И сразу же, в этом случайном, ощупью найденном сочетании, музыка не только слилась с изображением-сцена, которую я видел много раз, изменила характер. Что-то новое, значительное открылось в нашей героине.
Шостакович написал внутренний свет Корделии, и все в кадрах преобразилось. Так на портретах Рембрандта одухотворены не только глаза, лица, но и ткань, из которой сшито платье; сам воздух мерцает, живет, и этот трепет цвета и есть главное-победа над грубостью материи (загрунтованный холст, краски), над смертью (что осталось от купцов, их жен, от самого художника?), над всем плоским, {226} ограниченным.
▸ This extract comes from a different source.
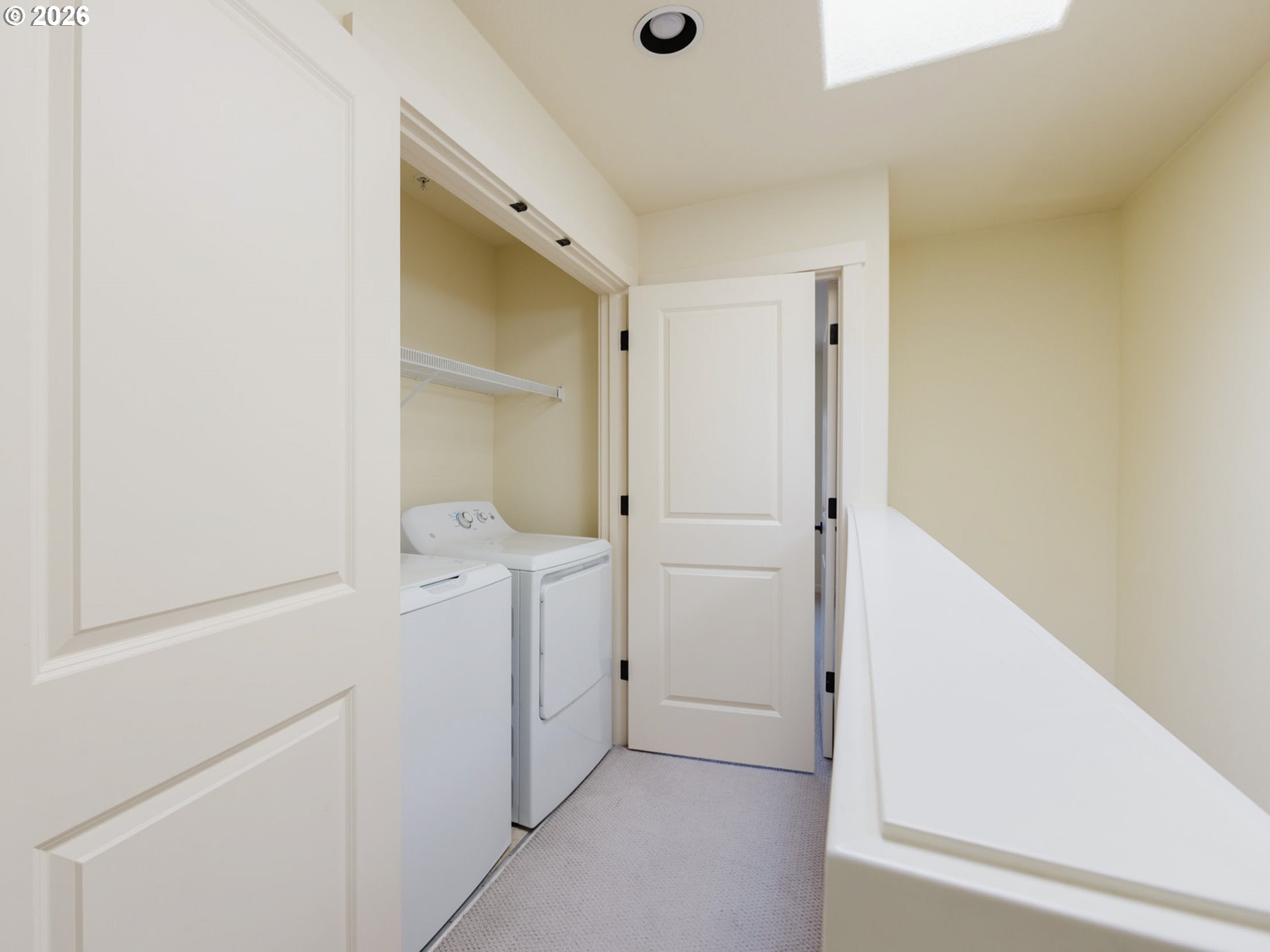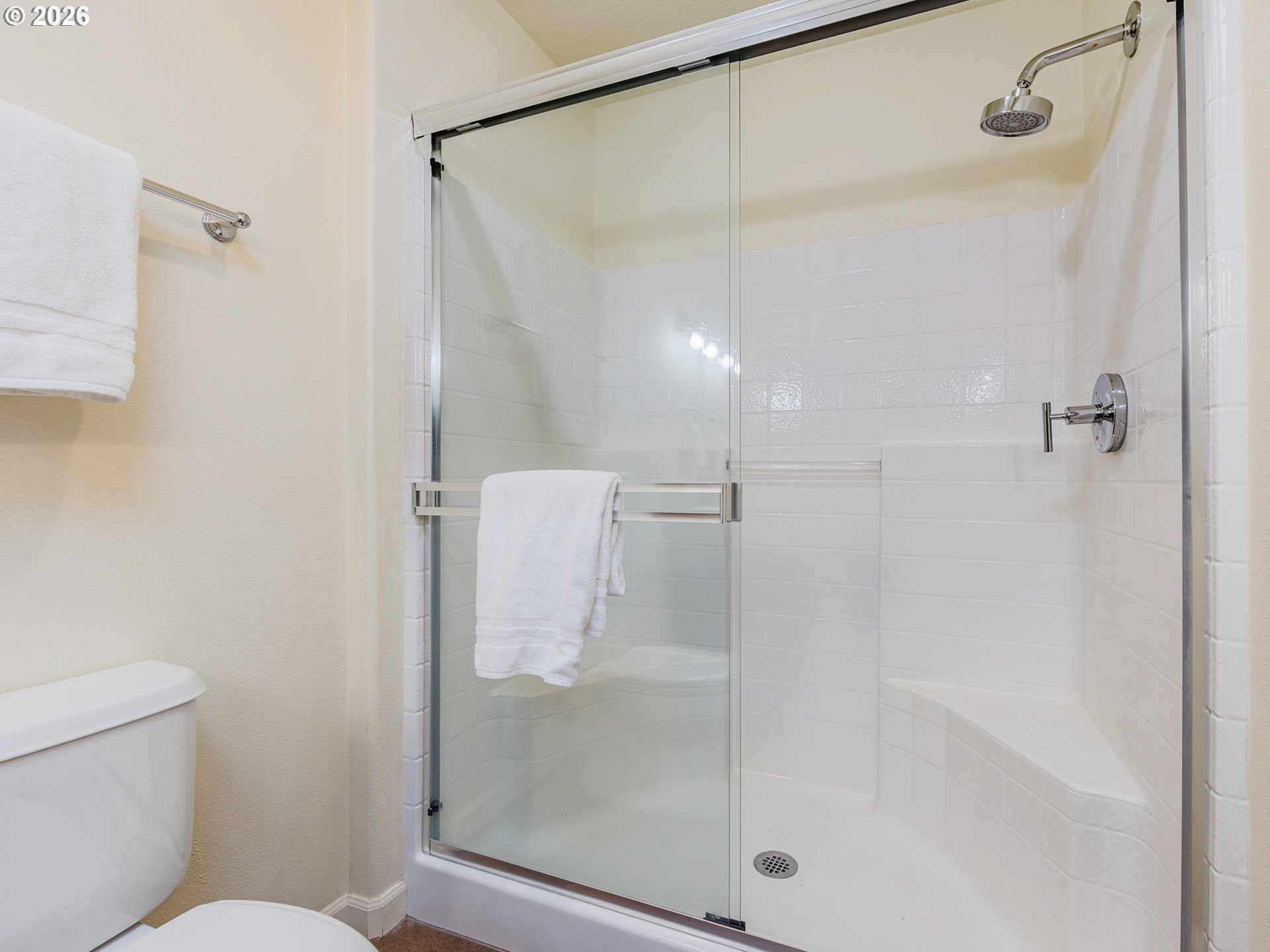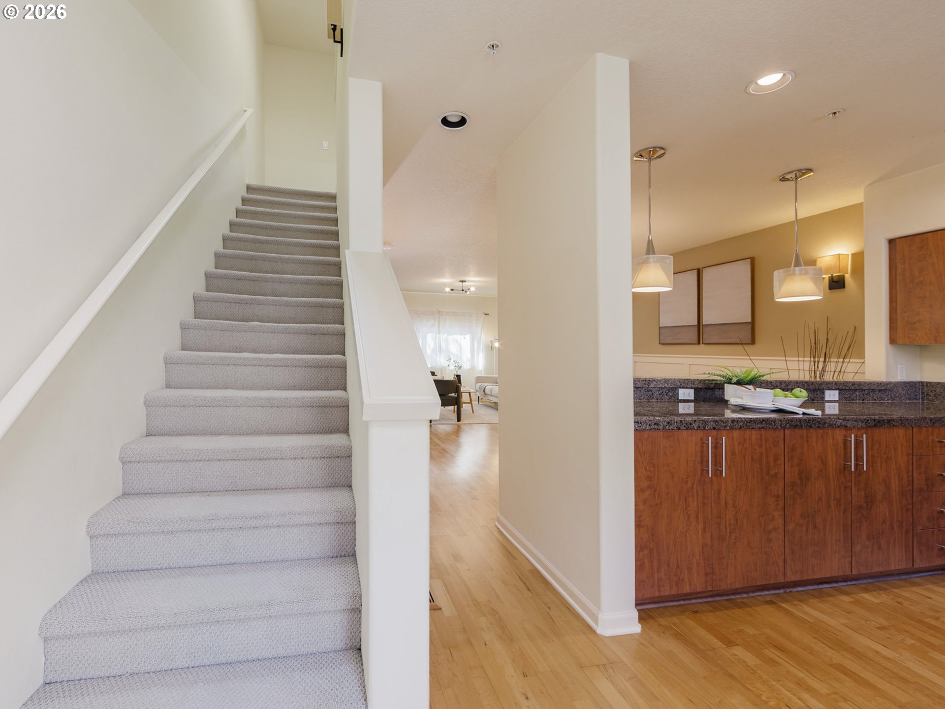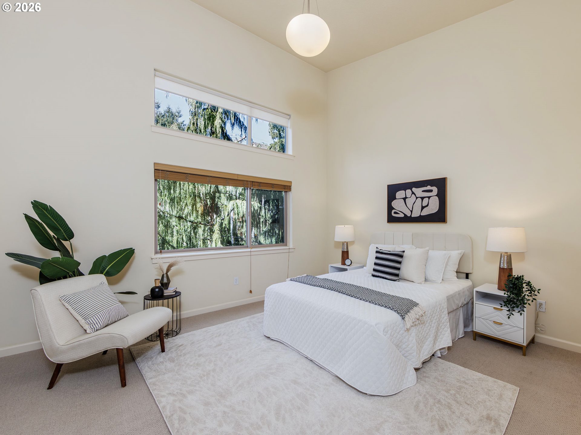 Modern style meets an unbeatable location in the heart of Multnomah Village. This 2 bed, 2.5 bath townhome-style condo offers a smart, light-filled layout with high ceilings throughout, designed for effortless living. The main level is perfect for entertaining, featuring wood floors, an open living and dining area, and a spacious and fully equipped kitchen with granite tile countertops, stainless steel appliances-a gas 5-burner range with convection and air fryer capabilities, exterior-venting microwave/hood, built-in dishwasher, and free-standing refrigerator. Two decks extend your living space outdoors—ideal for morning coffee or evening unwinding—while a convenient half bath adds everyday functionality. Upstairs, both bedrooms are private suites, including a stunning primary retreat with vaulted ceilings soaring from 12’ to 14’, dual sinks, and a walk-in shower. The second suite features a tub/shower combo and its own walk-in closet. Both bedrooms offer generous space and storage, and laundry is conveniently located right where you need it. A rare bonus: a tandem 2-car garage with abundant storage—perfect for gear, hobbies, or staying organized. All just blocks from Multnomah Village favorites—restaurants, shops, Gabriel Park, and more. Stylish, low-maintenance living in one of Portland’s most beloved neighborhoods.

Вместе с Корделией теперь появился на нашем экране трепет добра, свет правды. То, что не уловить словами, не сыграть и талантливой артистке - сама поэзия образа вошла в ткань кадров, преобразила их.
Однако почему же эта поэзия так резко не совпадала с образом Эдгара бедного Тома? Ведь и в нем сильны мотивы правды и добра? Что же отличало, отделяло музыку от духовной жизни героя, не позволяло изображению и звуку слиться? Дать точный ответ, конечно, трудно. Мне показалось, что "голос правды" был у Шостаковича женским. Наверное, когда Дмитрий Дмитриевич говорил со мной по телефону об этом номере, он уже слышал Корделию.